What I learned from retired people about freedom

Imagine that tomorrow, you don’t have to go to work. You can sleep as long as you want, you can do whatever you want, you are completely free. You are financially secure for the rest of your life. You are not crazy rich, but you have enough to live a comfortable life.

How will you feel?

What will you do?

Having the freedom to do anything seems to be one of the best things about retirement (as mentioned by a couple of people during the interviews).

Even if…

When I talked to retired people, some of them transitioned via early retirement. You know that slightly shocking, unplanned freedom that happens when you leave your job without having anything else in the pipeline. After the adrenalin is over, you might feel relieved (or sad), but then real life starts.

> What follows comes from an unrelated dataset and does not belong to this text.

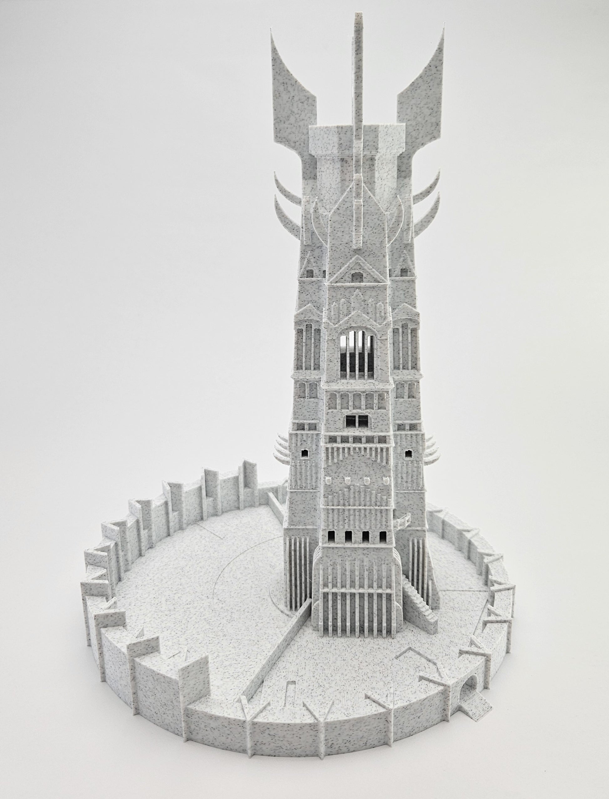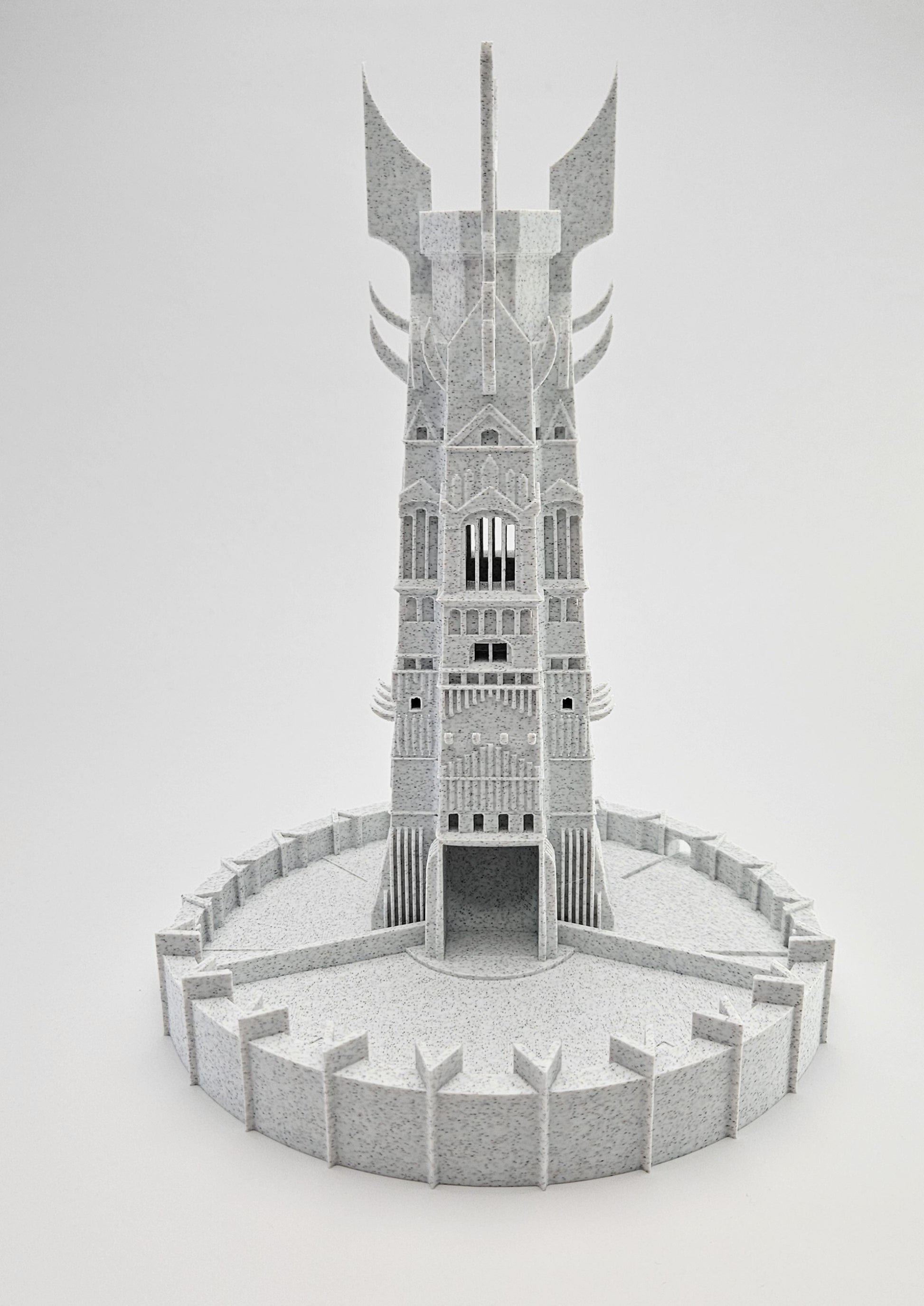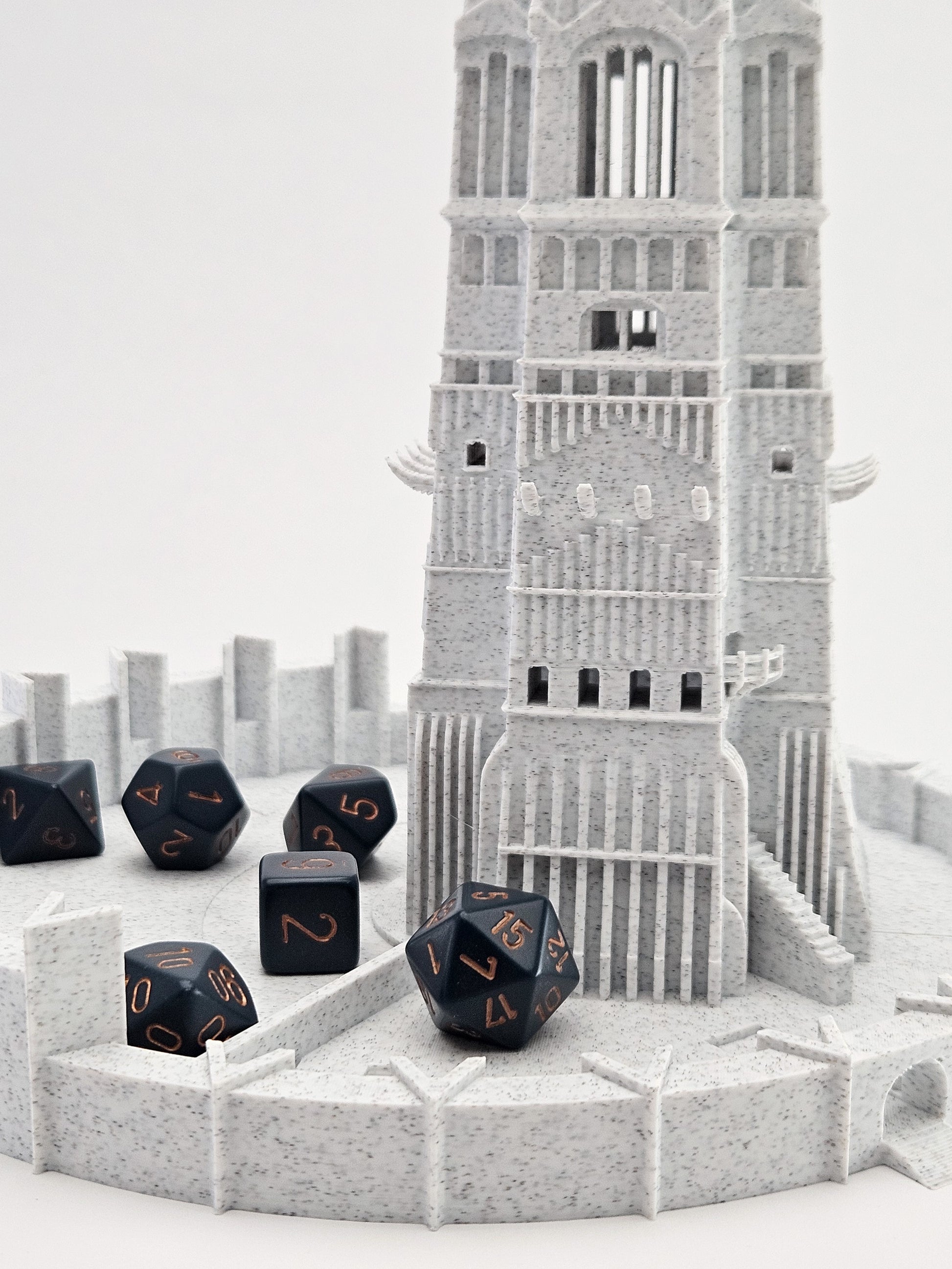A towering structure that channels every roll with authority. Inspired by the dark architecture of Isengard, it merges fantasy design with practical tabletop utility. Smooth internal flow and gothic texture make each roll feel epic. Precision-printed, beautifully finished. Model inspiration / credit: @TheKirklands

What do I do now? Where do I invest my time and energy?

You have total freedom to do what you want, but I’ve learned from talking to retired people that you might not be always giving yourself total freedom.

Some people shared that they put themselves under pressure to go quickly to the next obvious thing. Typically to continue in the same field as before, but as consultants. Even if it looked like the most obvious thing, it was not necessarily the easiest thing to accomplish. Either they had really good contacts, and they landed interesting consulting jobs pretty quickly. But sometimes they had to spend weeks or months networking, pitching themselves without seeing the expected level of results. Moving from a corporate job to a freelancing world is not so straightforward. It requires a different skill set, attitude, and mindset. Unless you are naturally very entrepreneurial, have a great level of self-motivation, self-management, sales, and marketing skills.

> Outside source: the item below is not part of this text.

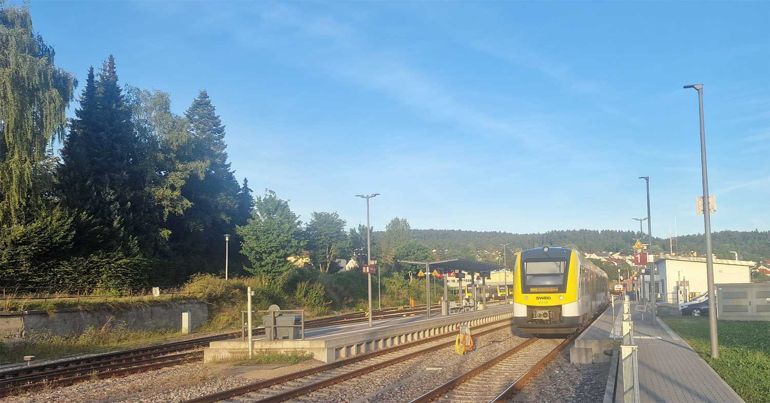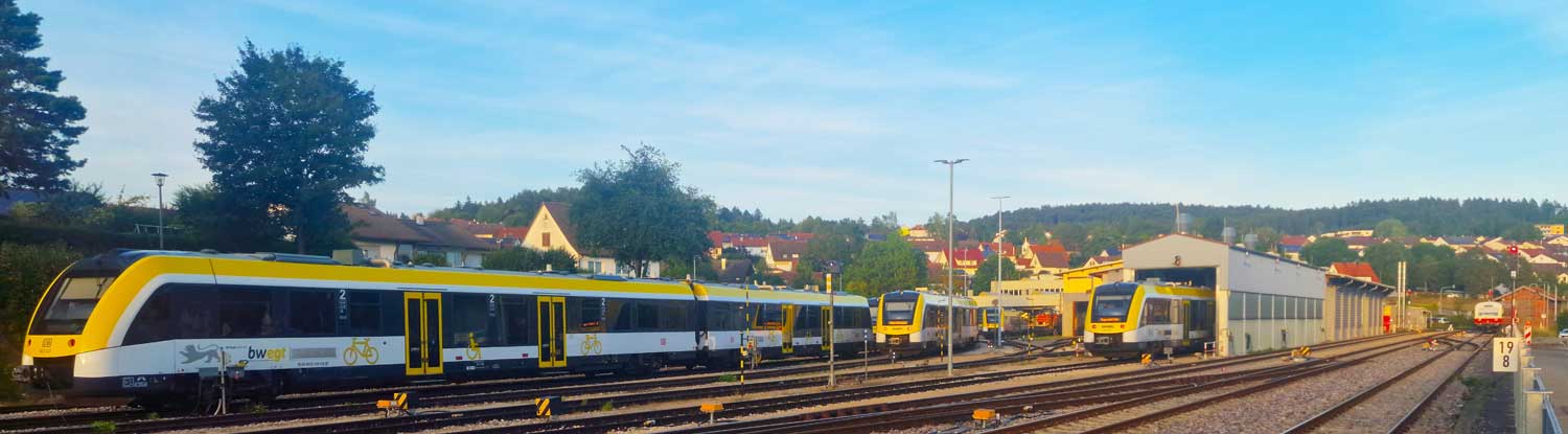 Hinten am VT 6 der HzL hingen VS 220 + VT 410 der WEG (Strohgäubahn), sowie VT 122 + VT 124 der SWEG.
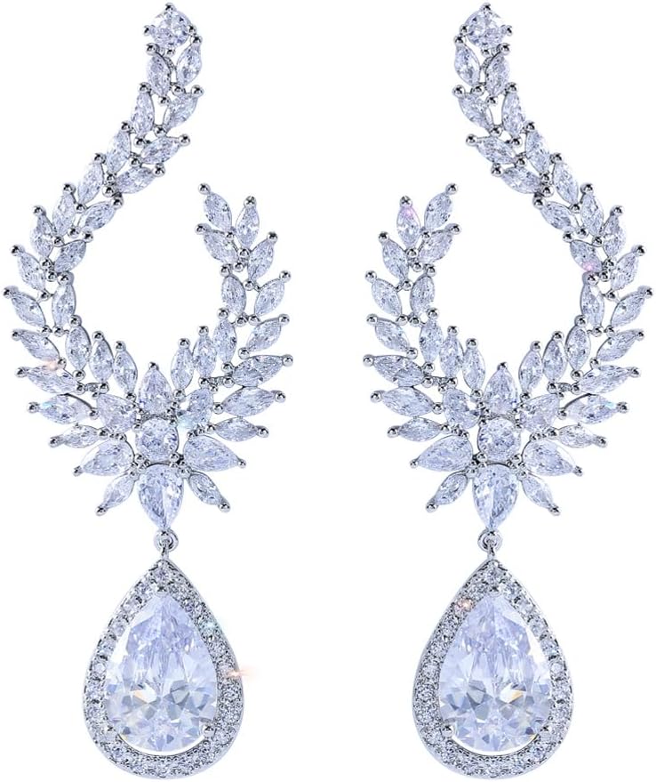 Luxury Long Dangle Water Drop Symmetrical Marquise Cubic Zirconia Wedding Party Earrings For Women Bridal Jewelry

But when you are financially secure, when you are free to do anything and things get hard, you can’t just help yourself to ask one big question:

“Is it worth all the hustle?”

Which can easily lead to another question:

“Is it something I really want to do?”

Having the freedom to do anything can be overwhelming and sometimes we start with wrong questions: “What would be the best thing to do now? What shall I do now?”

Instead of: “I have freedom to do anything, what do I really want to do now? What would make me feel happy, fulfilled, excited about my life? Where do I want to invest my time and energy? What would make sense to me?”

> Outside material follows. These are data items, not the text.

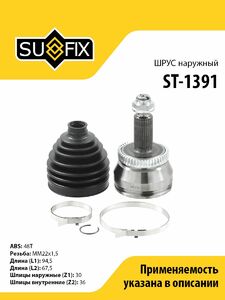 ШРУС наружный SUFIX ST-1391. Применение: KIA Opitma(JF) 2.0 15>.
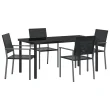 vidaXL 5-delna vrtna jedilna garnitura črna poli ratan
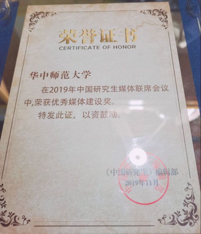 我校研究生院(研工部)事务办教师曹宇带领《研究生报》与研究生新媒体工作室执行主编袁婉婉、华中师范大学研究生学报执行主编徐文梦参与了此次会议。我校研究生官方媒体平台“华大研究生”在此次联席会议上表现不凡,从500余件参展作品、130多所参赛高校中脱颖而出,荣获“优秀媒体建设奖”、“最佳校园视频奖”、“我是中国研究生,我为祖国点赞”主题活动“优秀组织单位”、“最佳新闻摄影提名奖”、“最佳传播推广提名奖”等五大奖项。
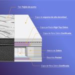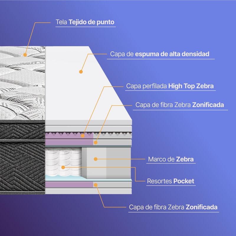 Ergosoft está creado para brindarte una experiencia de sueño envolvente, gracias a su sistema de soporte inteligente y máxima comodidad. Su tecnología Descanso³ Zebra Trizone, junto con el sistema de resortes Pocket, se adapta a la forma natural de tu cuerpo, ofreciendo un descanso equilibrado, sin interrupciones, y con una sensación intermedia ideal para cualquier tipo de durmiente.
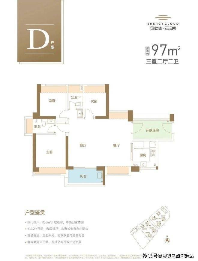 建面约97㎡独门独户3房2厅2卫,三面采光设计,室内阳光超长待机,约6.2m大开间横厅,出入步履无拘。
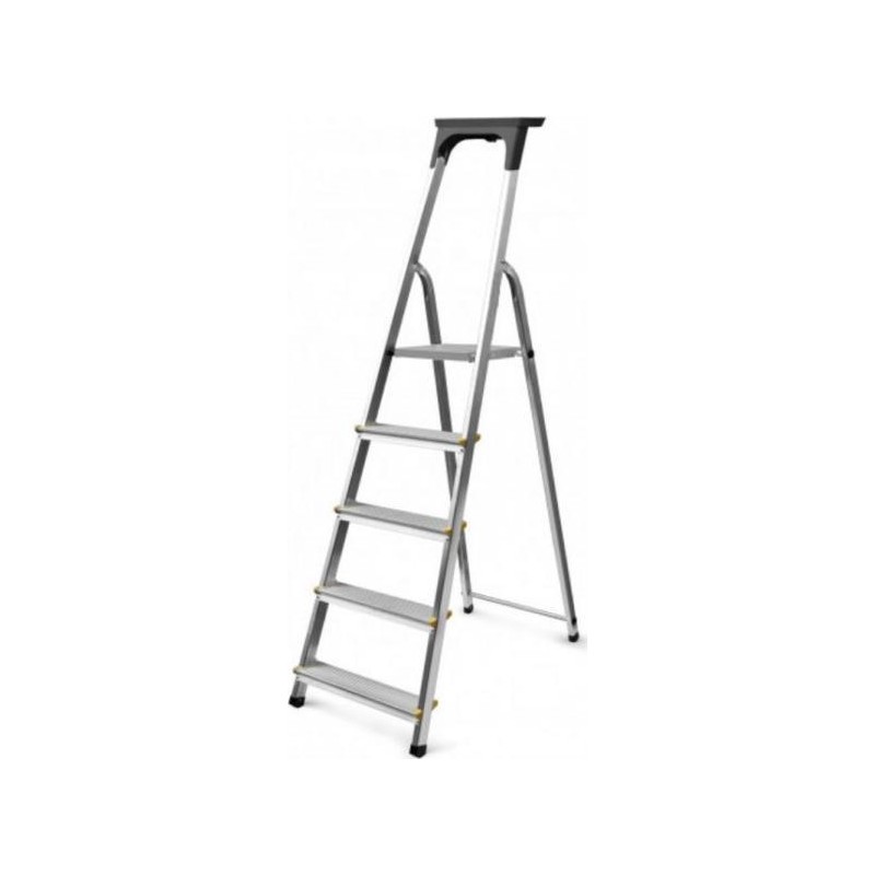 Diese Haushaltsleiter aus robustem und leichtem Aluminium ist für alltägliche Arbeiten im Haushalt sowie für gelegentliche Renovierungsarbeiten konzipiert. Stabile 7-stufige Konstruktion mit einseitigem Aufstieg Sicherer 60 cm langer Handlauf Breite Arbeitsplattform 25 cm x 26 cm Stabile Längsträger Geriffelte, vernietete Stufen mit Kunststoffkappen Spezielle rutschfeste Fußkappen sorgen für höchste Sicherheit Ergänzbar mit einer Werkzeugablage Bewährter polnischer Hersteller

And when you start asking these questions, you might not really find any good answers. At least not so quickly.

Having the freedom to do anything can be the most confusing thing ever. There might be so many things to do and you can’t decide which one would be the best one. Or you know exactly what you want to do, but you talk yourself out of it. You just don’t seem to find the right way to get things going. It feels like your mind is playing tricks on you: Deep inside you know what you want to do, but you procrastinate on it. Sometimes you even start, but you don’t feel so happy doing it. In some other cases, you just keep overthinking it, seeing problems rather than solutions.

Real freedom seems to require a high amount of inner freedom.

The former general manager of an IT firm mentioned that in his third period of life he was striving for freedom in making decisions based on what he wanted to do rather than what he should do. Another person talked about mental freedom (not having to be always busy and finding peace of mind and clarity on the next twenty, thirty years of his life).

What can you do when you have freedom to do anything you desire and you want to strive for the inner freedom or mental freedom as people called it?

  1. Giving yourself the freedom to slow down and close one cycle. You don’t need to rush to something else. Any important life transition may require closing a previous cycle. And sometimes you just need to take a good rest. You don’t need to put yourself under pressure. You don’t need to feel guilty that you are not fast enough and that you are “wasting” your time. You can use the time to take stock of what happened in the past. It’s ok to take the time to understand your feelings and thoughts, learn and only then move on. You can give yourself a couple of months to figure out your next move.
  2. Giving yourself the freedom to experiment, try out different things, share your knowledge, use your gifts and talents to create something new. Without needing any validation that this is going to be successful, seen, liked, or admired by many people. Doing things just for your own pleasure is ok! Sharing things, you do is ok! Giving example to your kids and grandkids to follow their passion and dreams is ok!
  3. Shifting your mindset from “I SHOULD” to “I WANT to”. Have you ever noticed your own self-talk? “I should do this”, “I should behave like that”, “I should be this kind of person” (focusing on obligations, standards, norms, putting yourself under pressure, or letting other people put you under pressure). Consciously focusing on what you really want to do, seems to be the most liberating thing ever. “I really want to do this, it’s important to me and I want to commit to doing it.” “I want to go slow and steady.” “I want to find my own unique way that truly fits me and makes me happy. And “I want to trust that whatever I want to do is good for me and for the others.”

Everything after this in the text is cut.